5.3.4 whitespace tokenizer

  • effect

    This tokenizer splits when spaces are encountered.

  • Example

    // GET http://localhost:9200/_analyze
    // body内容
    {
          
          
        "text":"I like&steak!",
        "tokenizer": "whitespace"
    }
    

    The result is as follows:

    Insert image description here

5.3.5 lowercase tokenizer

  • effect

    This tokenizer is similar to the letter tokenizer. It will split non-alphabetic text, and it will convert each segmented term into lowercase. This filter will also discard non-alphabetic text terms.

    It is equivalent to a combination of letter tokenizer and lowercase term filter, but has higher performance.

  • Example

    // GET http://localhost:9200/_analyze
    // body内容
    {
          
          
        "text":"I,like&steak和西红柿!and#you",
        "tokenizer": "lowercase"
    }
    

    The result is as follows:

    Insert image description here

5.3.6 classic tokenizer

  • effect

    This tokenizer segments text based on grammatical rules and is very useful for segmenting English documents . It works very well on acronyms, company names, email addresses, and Internet host names.

  • Example

    // GET http://localhost:9200/_analyze
    // body内容
    {
          
          
        "text":"My mail is [email protected]",
        "tokenizer": "classic"
    }
    

    The result is as follows:

    Insert image description here

5.3.7 keyword tokenizer

  • effect

    This tokenizer is a "noop" tokenizer that takes any text given and outputs the exact same text as a single term. It can be combined with term filters to normalize output, such as lowercase email addresses.

    That is, treat the input text as a whole

  • Example

    // GET http://localhost:9200/_analyze
    // body内容
    {
          
          
        "text":"I like steak !",
        "tokenizer": "keyword"
    }
    

    The result is as follows:

    Insert image description here

5.3.8 pattern tokenizer

  • effect

    This uses regular expressions to split text into terms when word separators are matched, or to capture matching text as terms.

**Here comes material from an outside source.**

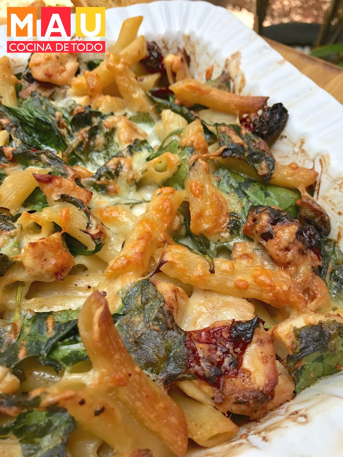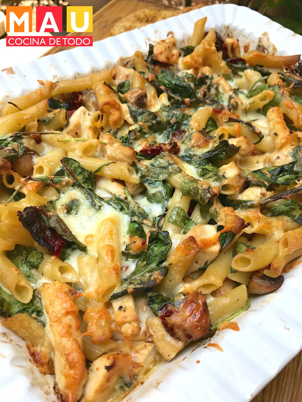 -En un tazón grande agrega la pasta, el pollo (partido en pedazos), los champiñones, tomates deshidratados, espinacas (frescas), la mitad del queso, la crema, el agua de la pasta y sal al gusto.

    The default mode is \W+, which splits text when non-word characters are encountered.

  • Example

    Split text into terms when matching word separators

    // GET http://localhost:9200/_analyze
    // body内容
    {
          
          
        "text":"test,pattern,tokenizer!!!",
        "tokenizer": {
          
          
            "type":"pattern",
            "pattern":","
        }
    }
    

    According to "," word segmentation

    The result is as follows:

    Insert image description here

    Capture matching text as terms

    // GET http://localhost:9200/_analyze
    // body内容
    {
          
          
        "text":"\"test\"\"pattern,tokenizer!!!\"",
        "tokenizer": {
          
          
            "type":"pattern",
            "pattern":"\"((?:\\\\\"|[^\"]|\\\\\")+)\"",
            "group":1 
        }
    }
    

    Capture values ​​enclosed in double quotes

    The group here refers to the group() api of Java's Matcher object.

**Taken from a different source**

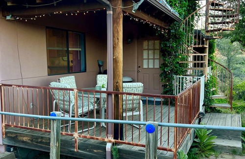 Casita Indigo es un lugar increíble para alojarse si te gustan las vistas y las estrellas. El dormitorio tiene una cama king, chimenea eléctrica, iluminación regulable y terraza con bañera de hidromasaje. También puede descansar en la terraza del dormitorio. Hay otras dos cubiertas, una fuera del área de la cocina-comedor con una mesa de patio con 4 sillas y parrilla eléctrica y luego otra en el techo ... ¡aquí es donde se miran las estrellas! También cuenta con tumbonas y una hoguera a gas. La sala de estar tiene un televisor de alta definición y un reproductor de Blu-ray con Netflix. WIFI te mantiene conectado con lo que está sucediendo en cualquier otro lugar. Una gran chimenea de gas en la sala calienta la Casita en invierno; un enfriador evaporativo lo hace cómodo en verano. También hay una unidad de ventana A / C en la cocina. La cocina tiene todo lo necesario para cocinar tanto como quieras. El baño completo tiene bañera / ducha y tocador doble. Un tocador adicional se encuentra en el baño. El senderismo comienza en la puerta principal. Pasee por la orilla de Lynx Creek disfrutando de la exuberante vegetación, la vida silvestre y las fragancias riparias y aromáticas. Si el ejercicio está programado, camine sobre la colina y regrese. Lynx Lake está a solo 10 minutos con pesca, pinos altos y alquiler de botes. Las principales tiendas y el centro de Prescott están a solo 15 minutos en automóvil. Casita Indigo es una hermosa propiedad aislada con bañera de hidromasaje privada, 3 terrazas y vistas al cielo. Esta propiedad permite perros. Los perros cuestan $ 15 por perro por noche más impuestos. También hay una tarifa plana de $ 10 que se le da al ama de llaves.

    The result is as follows:

    Insert image description here

5.4 Term filter

5.4.1 Function

Term filters accept a stream of terms from the tokenizer and can modify terms (e.g. lowercase), remove terms (e.g. remove stop words), or add terms (e.g. synonyms).

The system has some built-in term filters. We will introduce several commonly used term filters in detail. For other term filters, please see the official documentation .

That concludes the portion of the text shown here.